We've seen the cost of intelligence drop every year and it's exciting because every year
you're able to get better answers, medicine, everything, health care across the board.
But what are the challenges?
What are going to be the blockers or what are you looking at ahead to say that it's
okay, we have to solve for this.
The drop in cost intelligence has been super exciting here
because so much of what we think about and care about here
is actually about access.
And so the more people have access to technology,
the more people will benefit.
And that's why we're working on rolling out Chatsypita Health
more widely to all free users.
And so that's incredibly exciting.
Another thing that we think about as researchers is like,
where will the marginal gains intelligence compound the most, right?
And so I think Nate mentioned this exciting,
thing, which is like there is more and more data that is being collected that is across different
modalities. How do you think about integrating that data across all the different ways that people
use chat GPT and all the different modalities and wearables and things like this that people are
collecting, lap tests, things like this?
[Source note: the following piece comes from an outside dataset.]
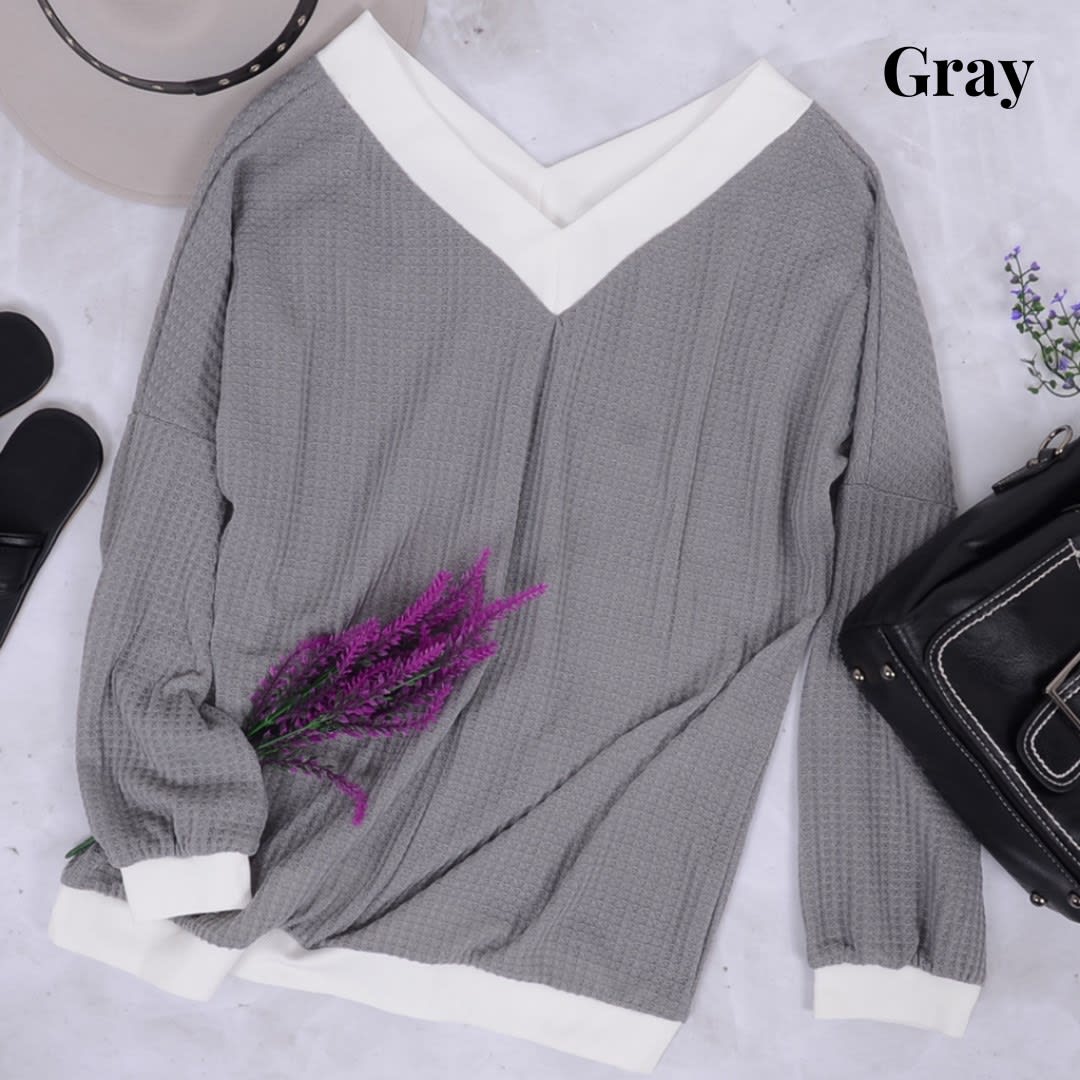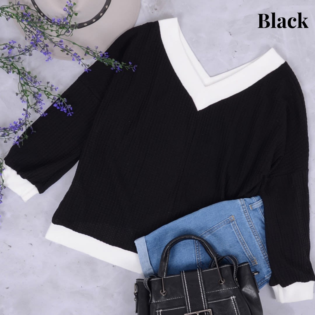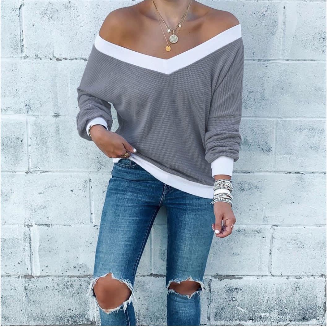 The Anna-Kaci sweater is detailed with a flirty off shoulder neck line. Features contrast piping details, long sleeves, and a loose fit. Pair it over leather pants and boots for a sexy look.

And that's one place where I think a lot of the intelligence
will compound and will start to see kind of new zero one capabilities, like a model looks at my entire
history over a decade and tells me a prediction that even a human couldn't have because
just the model has a higher context size.
So thinking about those zero to one capabilities, I think, are going to be really cool.
The other thing we keep in mind is just like, how are people thinking about and using chat GPT today?
Can we measure that?
Can we improve that?
And I think we're kind of this interesting point right now.
I call this to our team the transition where, you know, for context, I bike to work.
And I bike to work.
I wear my helmet.
I worry about cars and things like this next to me.
I just reached the point here in SF,
you know,
in SF we have a bunch of self-driving cars,
including Waymo's.
I just reached the point where,
you know,
when I'm biking an extra Waymo,
I actually feel safer
than if I was biking next to a human driver,
right?
I don't worry about whether I'm in their blind spot
or not or anything like this.
So I feel this protective effect
by being next to this Waymo.
And I want everybody to have this protective effect, right?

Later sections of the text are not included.